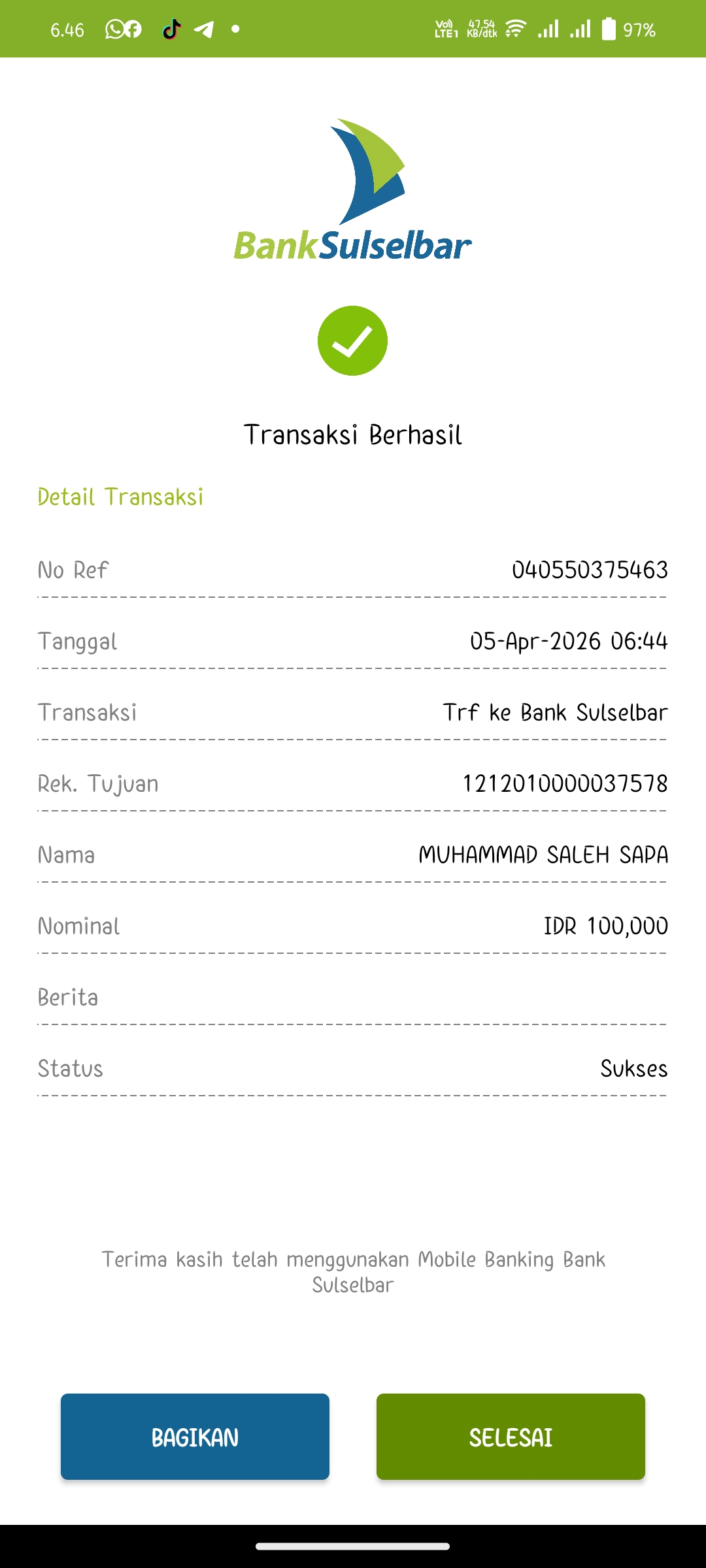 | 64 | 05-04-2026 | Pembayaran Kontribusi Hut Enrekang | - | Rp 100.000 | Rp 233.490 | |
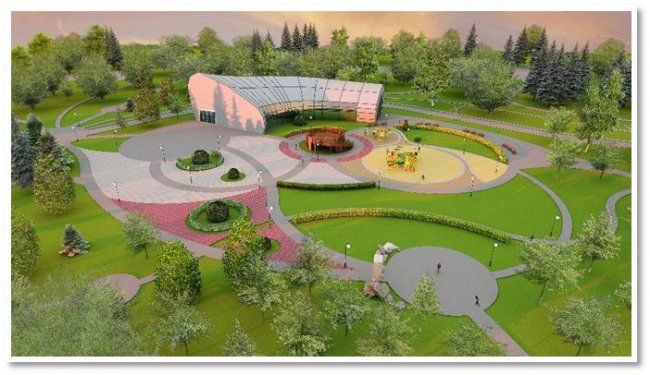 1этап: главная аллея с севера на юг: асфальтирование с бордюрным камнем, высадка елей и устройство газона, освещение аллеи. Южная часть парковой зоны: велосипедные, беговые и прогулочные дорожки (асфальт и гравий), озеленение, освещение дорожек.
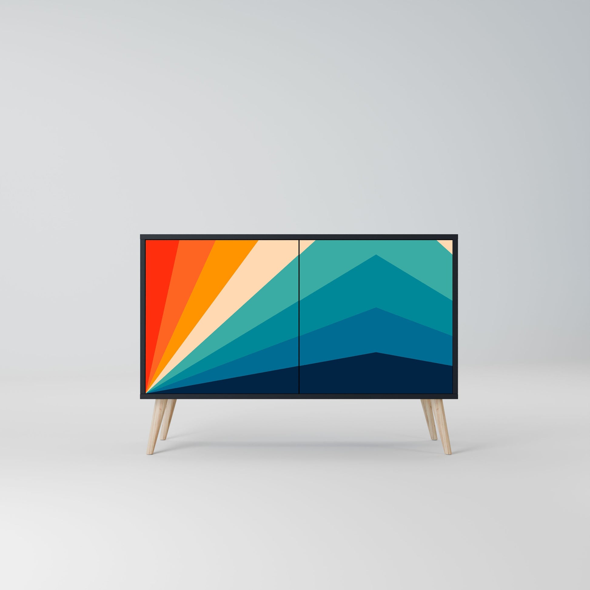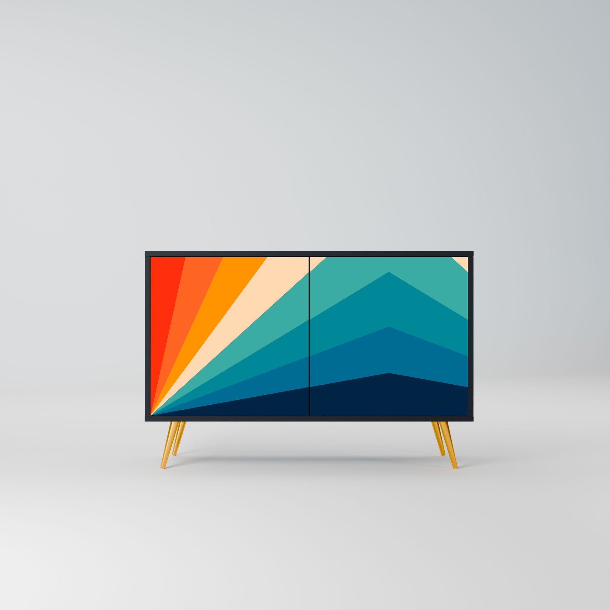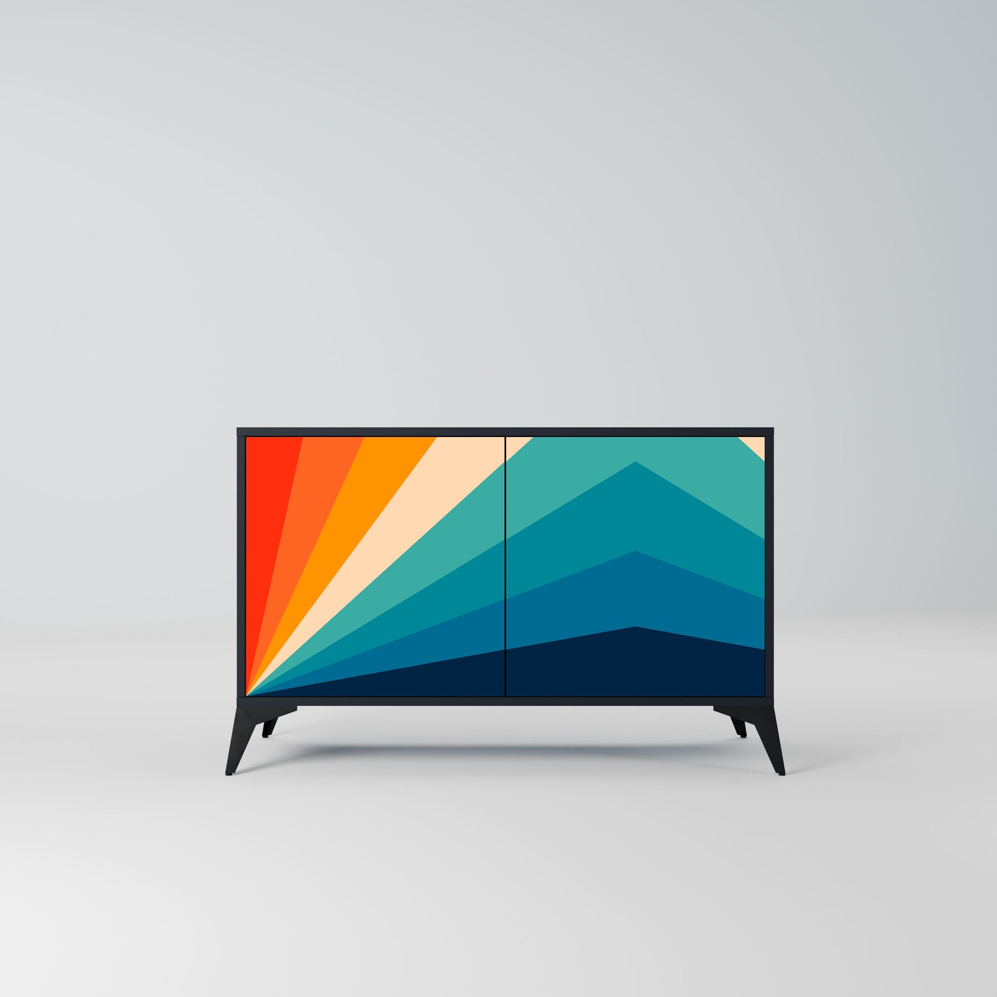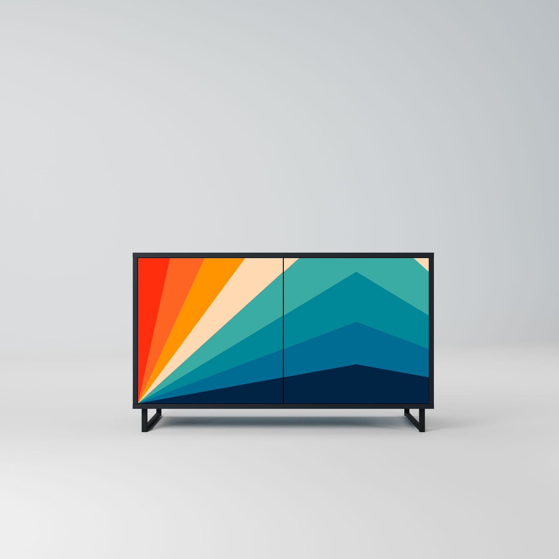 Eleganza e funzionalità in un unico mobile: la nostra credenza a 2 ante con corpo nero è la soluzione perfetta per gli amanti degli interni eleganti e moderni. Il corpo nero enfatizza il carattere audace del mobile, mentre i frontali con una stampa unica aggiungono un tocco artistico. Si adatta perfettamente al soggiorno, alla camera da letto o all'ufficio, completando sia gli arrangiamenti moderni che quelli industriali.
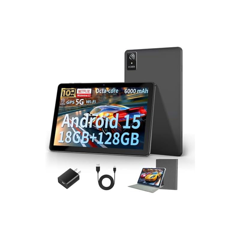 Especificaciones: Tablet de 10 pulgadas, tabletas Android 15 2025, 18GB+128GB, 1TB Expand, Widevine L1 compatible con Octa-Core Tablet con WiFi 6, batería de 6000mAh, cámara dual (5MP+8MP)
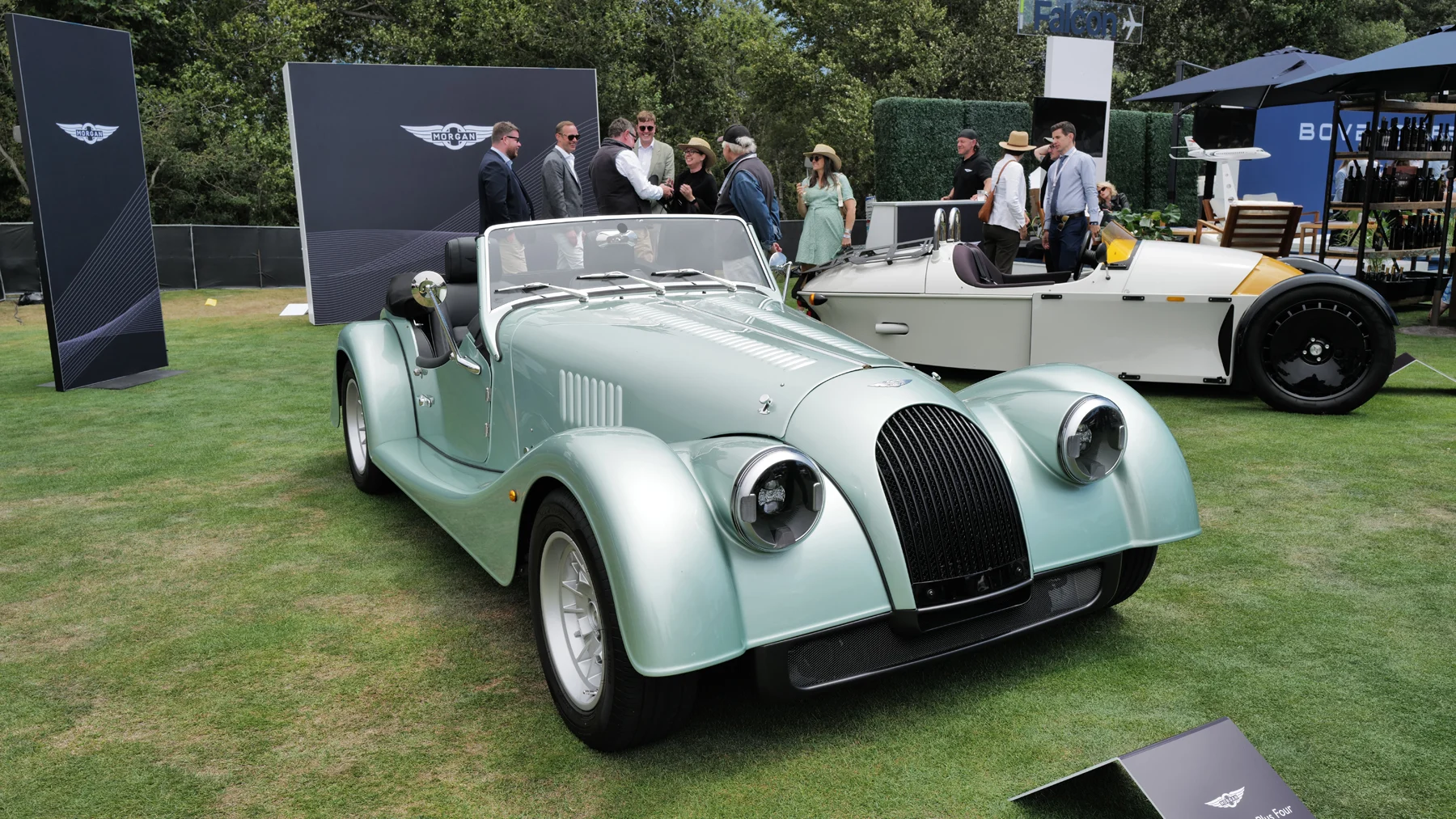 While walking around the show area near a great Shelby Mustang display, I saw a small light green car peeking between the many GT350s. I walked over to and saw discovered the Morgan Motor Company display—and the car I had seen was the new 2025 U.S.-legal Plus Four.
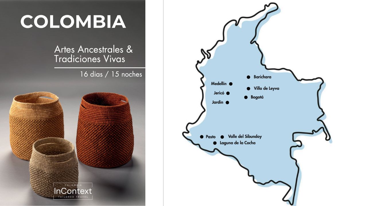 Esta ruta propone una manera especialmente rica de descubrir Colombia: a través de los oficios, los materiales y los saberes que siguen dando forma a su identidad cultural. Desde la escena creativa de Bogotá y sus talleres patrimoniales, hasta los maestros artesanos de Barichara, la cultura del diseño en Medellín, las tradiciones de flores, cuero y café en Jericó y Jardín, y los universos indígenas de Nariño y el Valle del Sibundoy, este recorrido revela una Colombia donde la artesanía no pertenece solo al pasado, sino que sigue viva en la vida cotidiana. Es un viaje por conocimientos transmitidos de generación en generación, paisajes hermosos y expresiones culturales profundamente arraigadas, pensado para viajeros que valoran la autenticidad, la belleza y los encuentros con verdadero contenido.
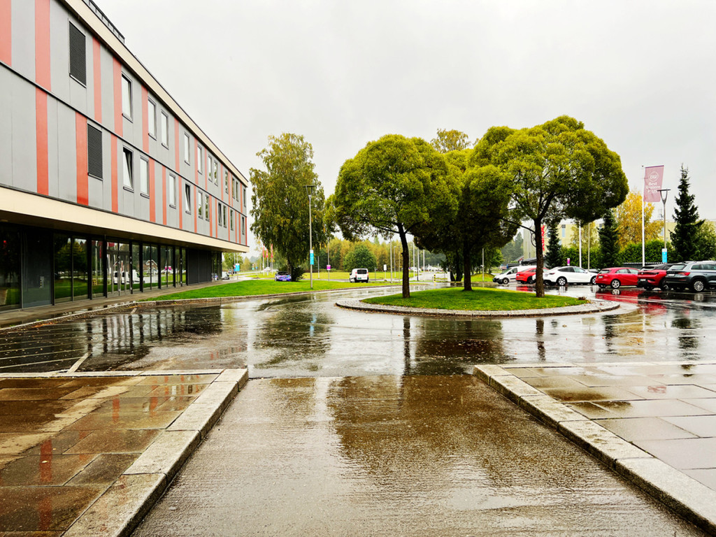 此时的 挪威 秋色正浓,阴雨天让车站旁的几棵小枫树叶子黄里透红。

# EXERCISE INSTRUCTIONS
Range to copy from the records above: the line containing "Eleganza e funzionalità" to the line containing "While walking around", both included. Output those lines exactly and only those, skipping pictures.

# TASK ANSWER
 Eleganza e funzionalità in un unico mobile: la nostra credenza a 2 ante con corpo nero è la soluzione perfetta per gli amanti degli interni eleganti e moderni. Il corpo nero enfatizza il carattere audace del mobile, mentre i frontali con una stampa unica aggiungono un tocco artistico. Si adatta perfettamente al soggiorno, alla camera da letto o all'ufficio, completando sia gli arrangiamenti moderni che quelli industriali.
 Especificaciones: Tablet de 10 pulgadas, tabletas Android 15 2025, 18GB+128GB, 1TB Expand, Widevine L1 compatible con Octa-Core Tablet con WiFi 6, batería de 6000mAh, cámara dual (5MP+8MP)
 While walking around the show area near a great Shelby Mustang display, I saw a small light green car peeking between the many GT350s. I walked over to and saw discovered the Morgan Motor Company display—and the car I had seen was the new 2025 U.S.-legal Plus Four.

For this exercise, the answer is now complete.